On HTMLCacheUpdate job after template / image edit

Templates and images in particular can be modified, so we'll have to make sure our cached expansions are not getting too stale. A simple and promising option is to piggyback onto the HTMLCacheUpdate job with a hook. The hook action can then either purge + re-request or implicitly refresh the Varnish copy.

Request new version with 'Cache-control: no-cache' header set. With the proper configuration, this will cause Varnish to go to origin. The Cache-control header will be forwarded (TODO: verify!), which Parsoid can use as an indication to fully expand all templates from scratch. Varnish will update its cached copy implicitly when configured to do so.

For all of this to work, the current cache-busting page_touched parameter needs to be removed from the GET URL.

Relevant links:

Implicit refresh without purge: https://www.varnish-cache.org/trac/wiki/VCLExampleEnableForceRefresh
Parsoid page on wikitech

Possibly relevant for other invalidation approaches:

touched and timestamp in page source response. Touched after an edit can theoretically be at most a few seconds behind the revision timestamp, but this is close enough to distinguish template updates from edit updates.

Cache invalidation hooks

We'll need a chunked and deferred job similar to HTMLCacheUpdate (TODO: can we subclass and override invalidateTables?). Given a title and table name, get all titles to purge and do so. The revision ID (for the oldid GET parameter) can be accessed via Title::getLatestRevID() and WikiPage::getLatest().

ArticleEditUpdates

Main edit hook. Used to schedule updates to the page itself and templatelinks updates.

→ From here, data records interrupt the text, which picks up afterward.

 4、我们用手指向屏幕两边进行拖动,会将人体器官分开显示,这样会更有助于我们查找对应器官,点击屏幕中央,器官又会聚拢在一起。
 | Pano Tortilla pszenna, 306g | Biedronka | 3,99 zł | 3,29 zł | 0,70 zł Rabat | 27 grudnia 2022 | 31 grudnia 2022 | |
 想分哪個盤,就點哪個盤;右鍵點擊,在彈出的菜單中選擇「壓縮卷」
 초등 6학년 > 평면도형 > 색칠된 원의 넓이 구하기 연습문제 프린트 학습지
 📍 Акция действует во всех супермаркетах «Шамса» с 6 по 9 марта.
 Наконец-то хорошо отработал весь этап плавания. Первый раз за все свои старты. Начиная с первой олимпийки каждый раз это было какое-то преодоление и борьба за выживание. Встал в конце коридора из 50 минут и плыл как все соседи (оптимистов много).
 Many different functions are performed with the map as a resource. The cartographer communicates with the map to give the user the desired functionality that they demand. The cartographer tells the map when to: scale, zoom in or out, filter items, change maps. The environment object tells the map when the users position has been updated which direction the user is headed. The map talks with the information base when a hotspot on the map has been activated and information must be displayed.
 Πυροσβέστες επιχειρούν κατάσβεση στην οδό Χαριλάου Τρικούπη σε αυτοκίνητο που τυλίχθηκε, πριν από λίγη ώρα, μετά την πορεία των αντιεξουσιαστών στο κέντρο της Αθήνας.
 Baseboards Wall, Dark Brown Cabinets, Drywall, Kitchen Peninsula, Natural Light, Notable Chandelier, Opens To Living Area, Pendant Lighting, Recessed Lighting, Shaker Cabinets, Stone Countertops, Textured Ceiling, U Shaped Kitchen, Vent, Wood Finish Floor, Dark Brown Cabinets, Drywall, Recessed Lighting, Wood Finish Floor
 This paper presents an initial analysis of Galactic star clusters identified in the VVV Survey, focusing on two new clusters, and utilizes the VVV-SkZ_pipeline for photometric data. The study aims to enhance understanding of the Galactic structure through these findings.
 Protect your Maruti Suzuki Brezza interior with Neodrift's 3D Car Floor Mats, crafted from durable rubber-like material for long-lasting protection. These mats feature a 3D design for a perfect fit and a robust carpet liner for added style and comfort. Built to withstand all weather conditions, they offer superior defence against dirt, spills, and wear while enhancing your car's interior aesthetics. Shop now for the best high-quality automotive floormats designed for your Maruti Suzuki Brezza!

public static function onArticleEditUpdates( &$article, &$editInfo, $changed ) { ... }

ArticleDeleteComplete

Similar as above. TODO: Are template links etc gone at this point?

public static function onArticleDeleteComplete( &$article, User &$user, $reason, $id ) { ... }

ArticleUndelete

SpecialUndelete. Links are updated before this hook is run.

public static function onArticleUndelete( $title, $create ) { ... }

ArticleRevisionVisibilitySet

public static function onArticleRevisionVisibilitySet( &$title ) { ... }

TitleMoveComplete

Basically purge both old and new titles.

public static function onTitleMoveComplete( Title &$title, Title &$newtitle, User &$user, $oldid, $newid ) { ... }

FileUpload

Purge pages in imagelinks. Won't work for commons IIRC.

public static function onFileUpload( $file ) { ... }